When the volatility filter (Condition1) is added back in, the results are considerably better:


   Net Profit:      $7,750

   Percent Winners:    67% (55 trades total)

   Ave Trade:      $141

   Max Drawdown:  -$5,213

   Profit Factor:       1.37

While I wouldn't recommend trading this simple system as written, I think it demonstrates that a simple volatility filter based on the true range can improve the performance of a breakout system.

TradeStation Tips

I've run across a few tips for TradeStation that I've found useful. I know that many of you are savvy TradeStation users who probably know these already, but for those who don't, I hope you find them helpful. Thanks to those of you who clued me in to these.


Tip #1. This one relates to the "bouncing tick" problem I discussed last month. The problem -- in a nutshell -- is that when you have an exit stop order that applies to the day of entry and you're using daily bars, the intraday price movement might stop you out whereas TradeStation might not recognize that the stop got hit. This happens because TradeStation doesn't know how the market moved during the day when all it has is the open-high-low-close of the daily bar, so it needs to make certain assumptions. Sometimes it gets it right, sometimes not. While this is only an issue on the day of entry, it can affect the stated performance of a system.


One clever way to get around this problem is to use intraday data where the bar length is set to the number of minutes in the day's session. For the E-mini S&P and E-mini Nasdaq, for example, the number of minutes is 1410. For the day session only, the number of minutes is 405. So, if you use an intraday bar of 1410 minutes for the E-mini S&P, for example, you will see daily bars on the screen even though each bar is constructed from intraday data. This avoids the bouncing tick problem because TradeStation has a feature under Format Strategy called Backtesting Resolution. If you check the Backtesting Resolution box and set the resolution to a small number of minutes, such as 5 or 1, then TradeStation will properly account for the effects of intraday price movement on the plotted bars. The strategy will be run on intraday data even though the results will be shown for daily bars.

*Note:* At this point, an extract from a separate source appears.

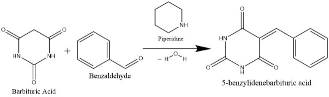 5-Benzylidene BA synthesis via the KR process: In this reaction, 5-Benzylidene Barbituric acid as well as water are produced when barbituric acid (which functions as a pyrimidine core) combines with benzaldehyde with the help of piperidine. Because barbituric acid contains an active methylene molecule due to the presence of a group of methylene (CH2) flanked by two electron-withdrawing groups, it is employed as a launching material[26].

Tip #2. One of the drawbacks of TradeStation 6 is that you have no control over the data. We get whatever data TradeStation gives us and hope it's good. While you can't import data from another source into TradeStation (as far as I know), you can export the data that TradeStation 6 provides. To save TS 6 data to a text file, go to a chart window, and select Data Window from the View menu. This brings up a window that shows the prices for each bar on the chart. Right-click in the middle of the window and make sure that Show All Data is selected. You can then save the data to a text file by clicking on the disk icon on the data window's menu bar or by right-clicking and selecting Save....


Tip #3. This is also a TradeStation 6 tip. Most TS 6 users probably figure out this one on their own before long, but until you do, it can cause confusion. The data provided by TradeStation for TS 6 are not always stable. By that, I mean sometimes there are changes to the data that are posted throughout the day and evening. For example, if the exchange changes the settlement price an hour after the close, TradeStation will re-post the new price. Errors sometimes occur as well, and TradeStation re-posts the corrected prices. The only way to ensure that you're seeing the most up-to-date price data is to reload the data. Go to the View menu and select Refresh then Reload. I recommend doing this before running any system in order to make sure that the resulting trading orders are based on the most recent price data.

That's all for now. Good luck with your trading.